About this task = Transcribe the line that contains "A work desk" and every line after it to the end of the records, exactly and nothing else. Skip the pictures.

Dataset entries
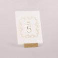 Assorti à votre faire-part, ce numéro de table agrémentera parfaitement votre décoration du jour J. Présentez-le sur un élégant porte-carte en bois (disponible en option), attachez-le à l’aide d’une ficelle autour d’un mason jar en verre garni de fleurs séchées… laissez parler votre imagination !
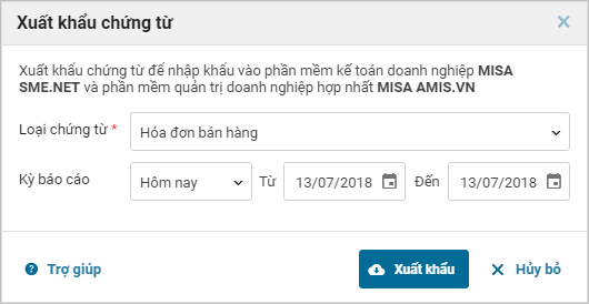 Giúp quản lý cửa hàng/kế toán xuất khẩu dữ liệu bán hàng để nhập khẩu vào phần mềm SME.NET, AMIS.VN
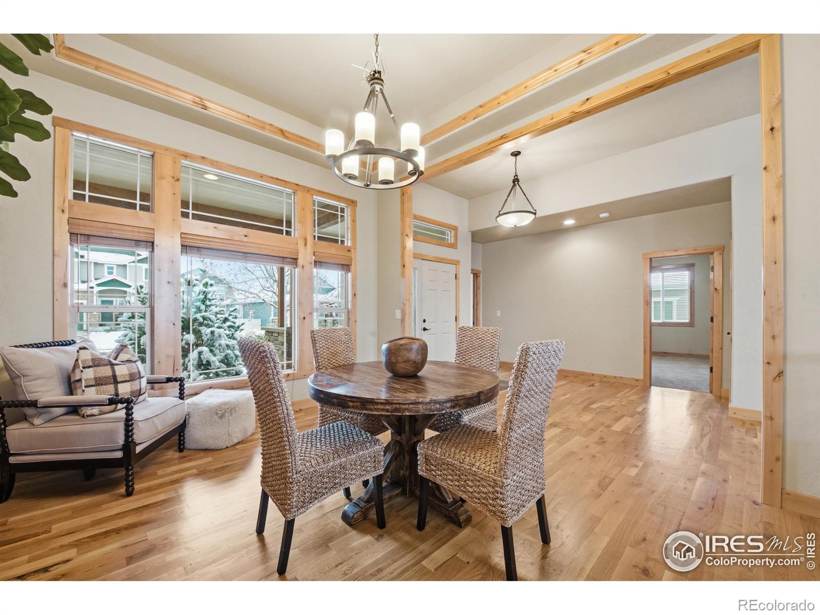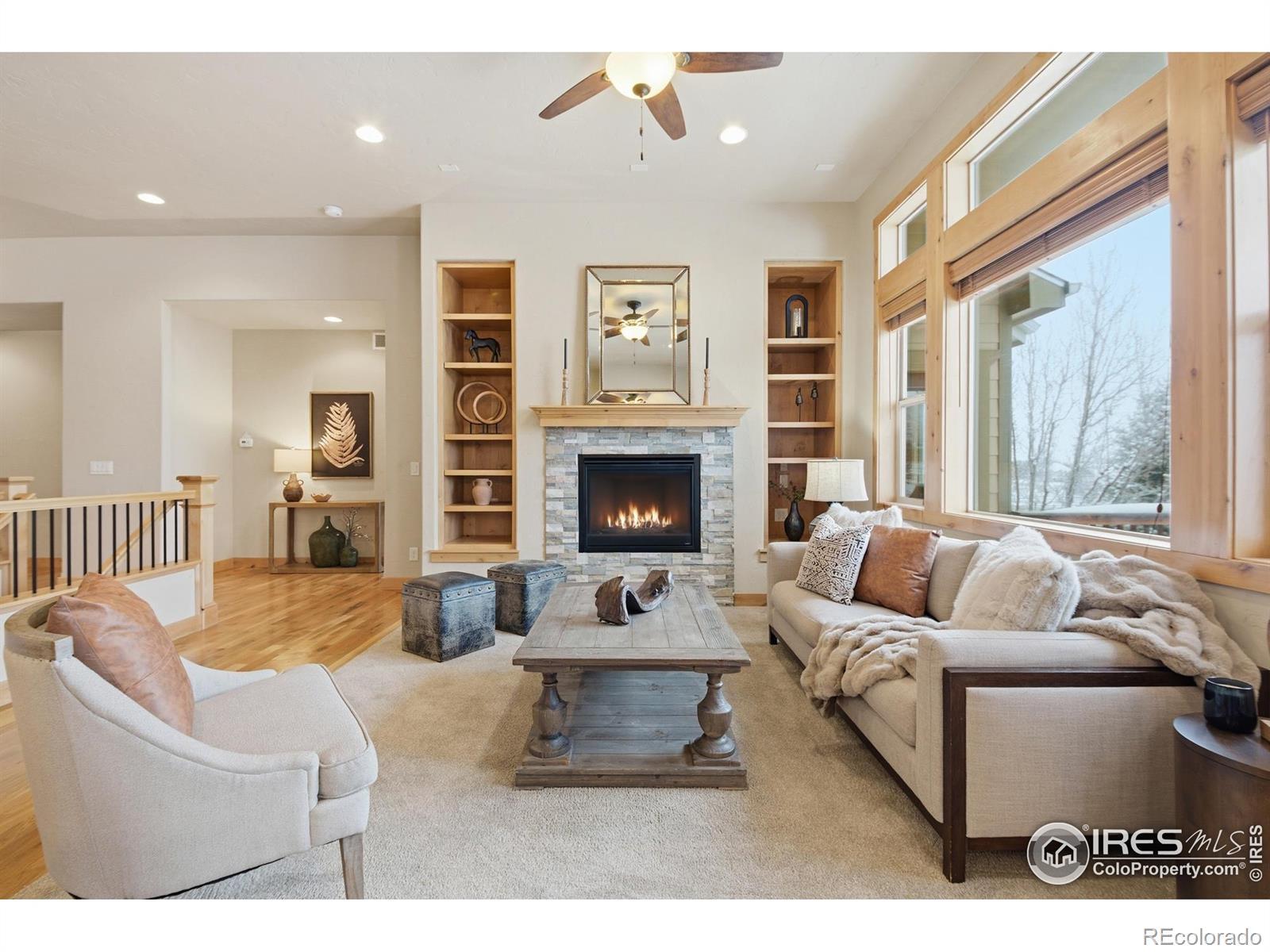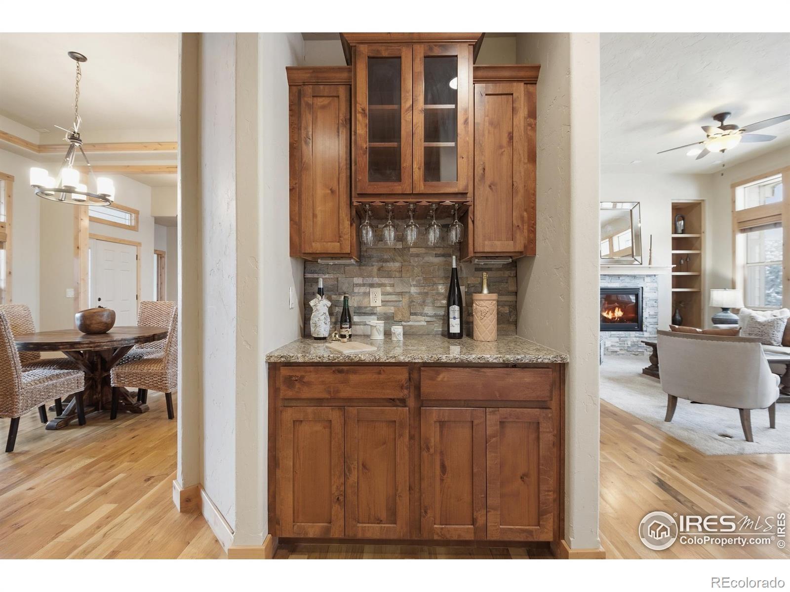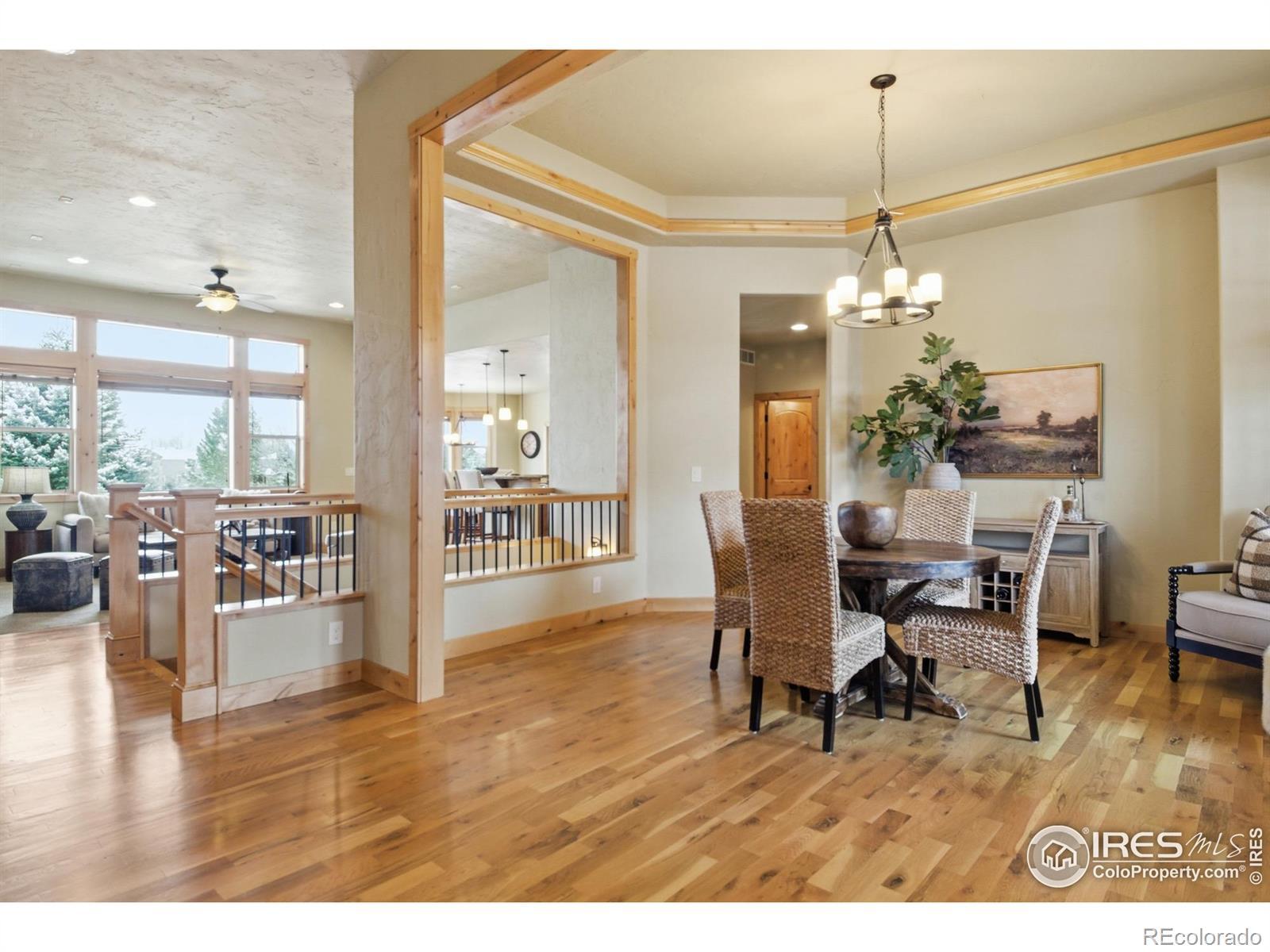 Discover elevated Colorado living in this beautifully crafted Craftsman-style ranch offering 5 bedrooms, 4 baths, and an open, light-filled floorplan designed for comfort and style. Rich hand-troweled walls and ceilings, warm alder trim and doors, and thoughtful details throughout give this home timeless character and exceptional livability.The main level showcases hardwood and tile flooring with 9' and vaulted 11' ceilings. The bright great room features a gas fireplace and beautiful built-ins, creating a warm, inviting space for gathering. The gourmet kitchen offers mission-style alder cabinetry, stainless steel appliances, a built-in gas cooktop with vented hood, wall oven and microwave, slab granite countertops, a walk-in pantry, and a butler's pantry. The casual dining area opens to a covered deck with a gas line for a grill, ideal for outdoor dining. A second deck with views backing to open space and neighboring 2-acre estate lots, and a covered front porch further enhance the home's inviting outdoor spaces. The main-floor primary suite is a true retreat with an 11' tray ceiling, walk-in closet, and a luxurious 5-piece bath featuring a soaking tub, granite countertops, and tile flooring. Two additional main-level bedrooms share a full Jack-and-Jill bath.The finished garden-level basement offers the same high-end finishes and includes an expansive family/rec room, second gas fireplace, wet bar with granite and beverage fridge, two large bedrooms, a full bath, and a generous storage room. With 8.7' ceilings and abundant natural light, it feels open and welcoming.Car enthusiasts will appreciate the oversized 3-car tandem garage with workbench and impressive 44' depth. Located on a quiet street near Coyote Gulch Open Space and playground, and the Poudre Trail, this home offers tranquility and convenience. With exceptional craftsmanship, abundant storage, and beautifully integrated indoor-outdoor living, this property is truly a standout.
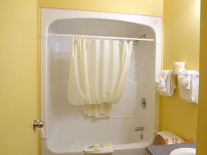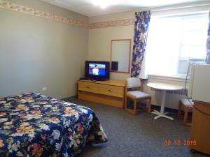 A work desk and a TV is featured in this room. An en suite bathroom with a tub/shower combination is provided.
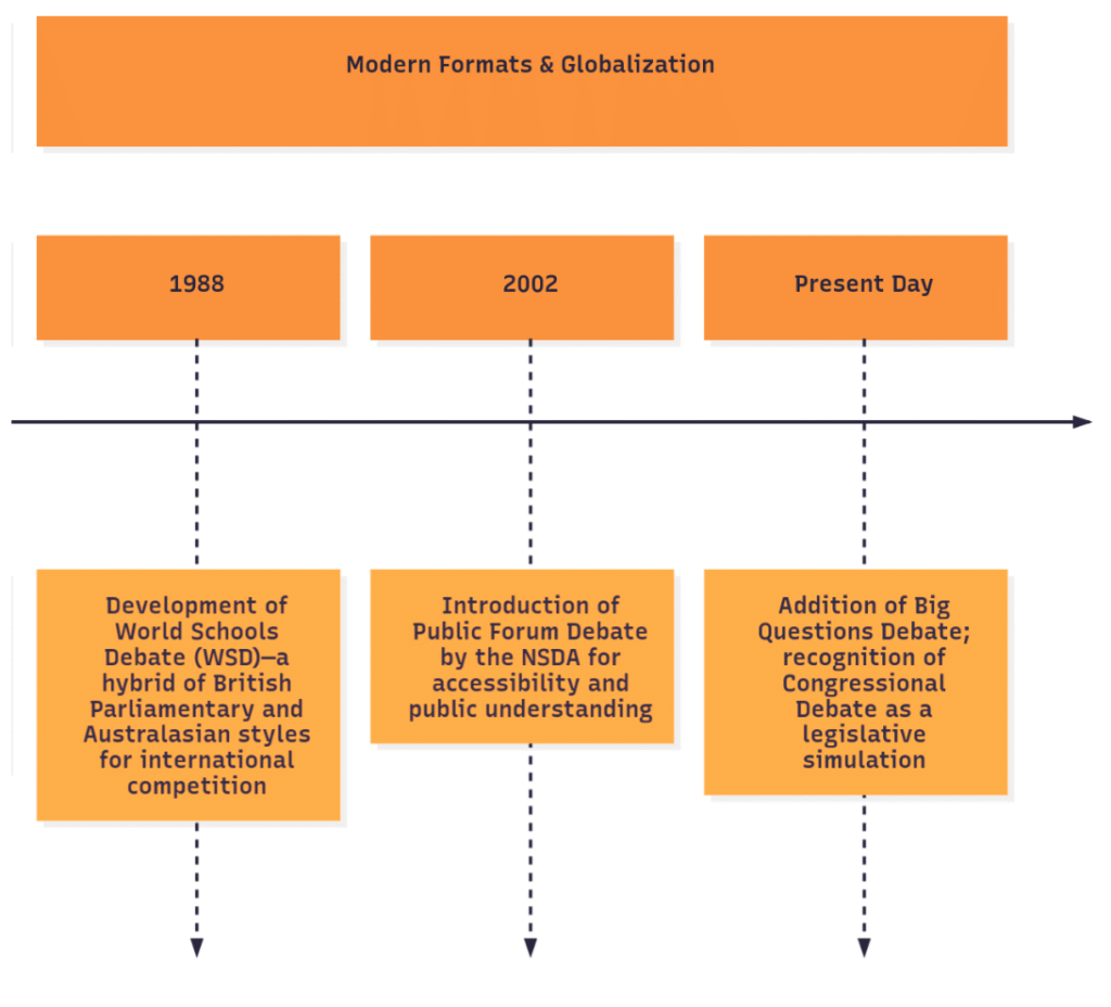 這些基礎為後來的當代賽制鋪路。1970 年代,林肯–道格拉斯辯論(Lincoln-Douglas Debate, LD)出現,專注於價值與哲學的探討。1988 年,世界中學式辯論(World Schools Style Debate, WSD) 誕生,融合各國比賽風格。WSD 的特色之一是引入 質詢點(Points of Information, POI),讓台上攻防不再只是單方面演說,而是在演講過程中加入短暫插話,增加了臨場互動和張力。
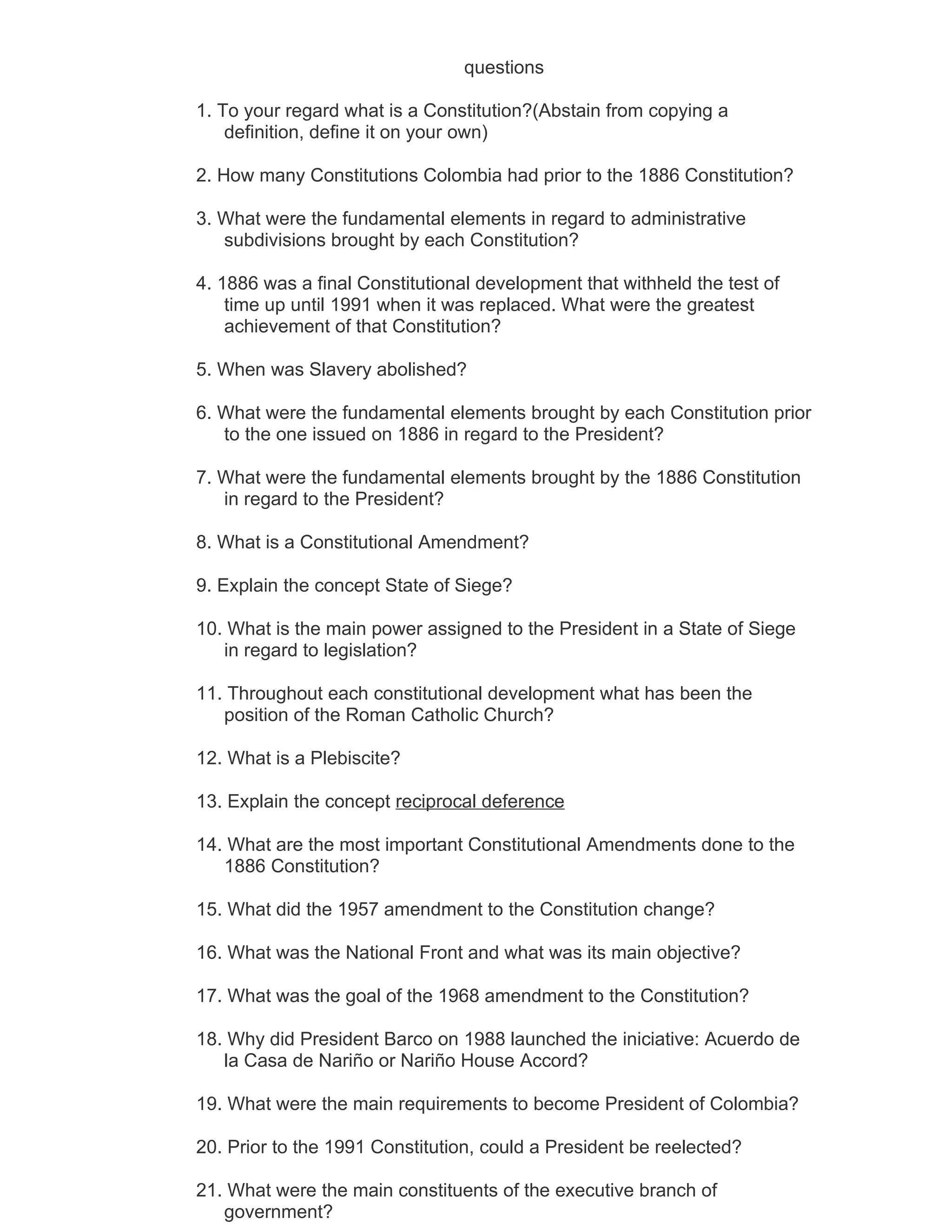 This document contains 57 questions about Colombia's constitutions, government, and history. It asks about topics like the number of constitutions before 1886, elements they introduced, achievements of the 1886 constitution, when slavery was abolished, the president's role and powers, constitutional amendments, the concept of a state of siege, the position of the Catholic Church, plebiscites, the executive and legislative branches, and the administrative divisions of government. The questions cover Colombia's constitutions, political system, and administrative structure in detail from the 1800s through the late 20th century.
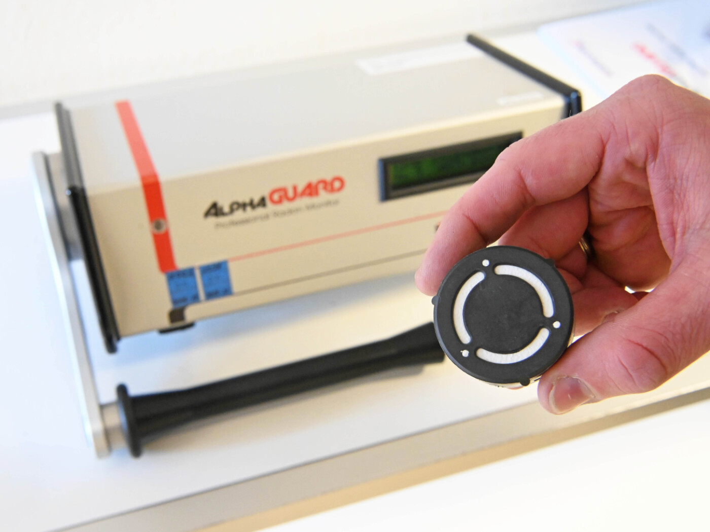 Radon ist ein natürliches, unsichtbares Edelgas, das beim Zerfall von Uran im Boden entsteht und vor allem in erdnahen Räumen wie Kellern aus dem Untergrund in Gebäude eindringen kann.
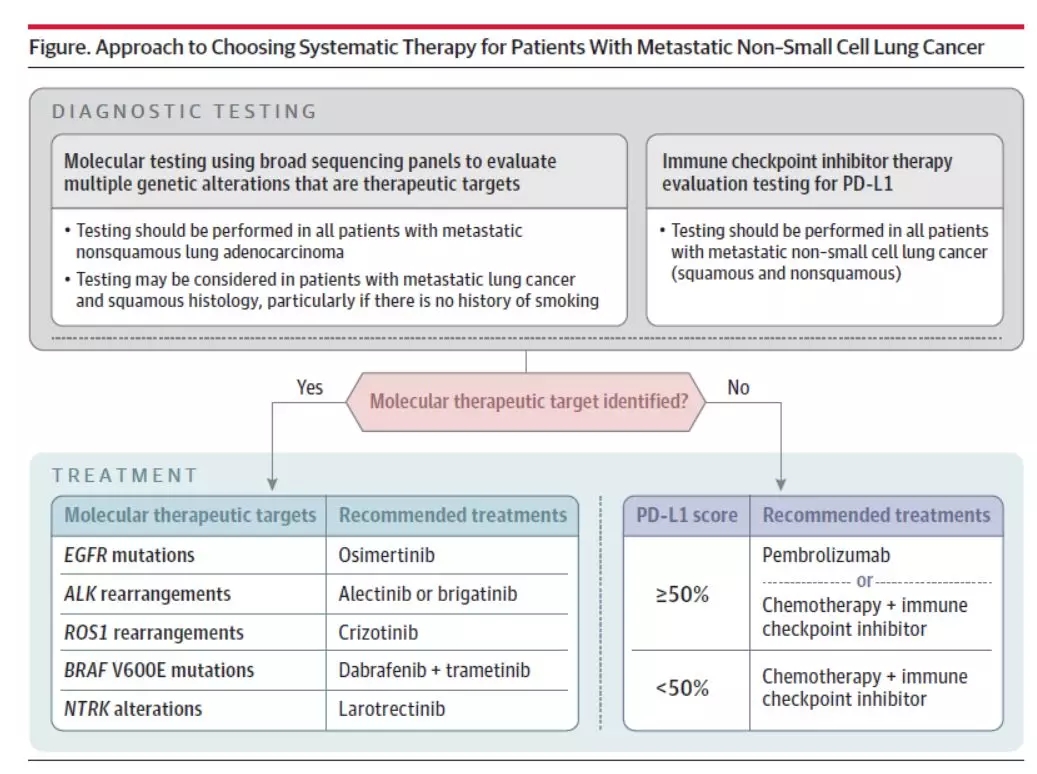 Arbour KC, Riely GJ. Systemic Therapy for Locally Advanced and Metastatic Non-Small Cell Lung Cancer: A Review.  JAMA.2019 Aug 27;322(8):764-774. doi: 10.1001/jama.2019.11058.

Output for this task =
 A work desk and a TV is featured in this room. An en suite bathroom with a tub/shower combination is provided.
 這些基礎為後來的當代賽制鋪路。1970 年代,林肯–道格拉斯辯論(Lincoln-Douglas Debate, LD)出現,專注於價值與哲學的探討。1988 年,世界中學式辯論(World Schools Style Debate, WSD) 誕生,融合各國比賽風格。WSD 的特色之一是引入 質詢點(Points of Information, POI),讓台上攻防不再只是單方面演說,而是在演講過程中加入短暫插話,增加了臨場互動和張力。
 This document contains 57 questions about Colombia's constitutions, government, and history. It asks about topics like the number of constitutions before 1886, elements they introduced, achievements of the 1886 constitution, when slavery was abolished, the president's role and powers, constitutional amendments, the concept of a state of siege, the position of the Catholic Church, plebiscites, the executive and legislative branches, and the administrative divisions of government. The questions cover Colombia's constitutions, political system, and administrative structure in detail from the 1800s through the late 20th century.
 Radon ist ein natürliches, unsichtbares Edelgas, das beim Zerfall von Uran im Boden entsteht und vor allem in erdnahen Räumen wie Kellern aus dem Untergrund in Gebäude eindringen kann.
 Arbour KC, Riely GJ. Systemic Therapy for Locally Advanced and Metastatic Non-Small Cell Lung Cancer: A Review.  JAMA.2019 Aug 27;322(8):764-774. doi: 10.1001/jama.2019.11058.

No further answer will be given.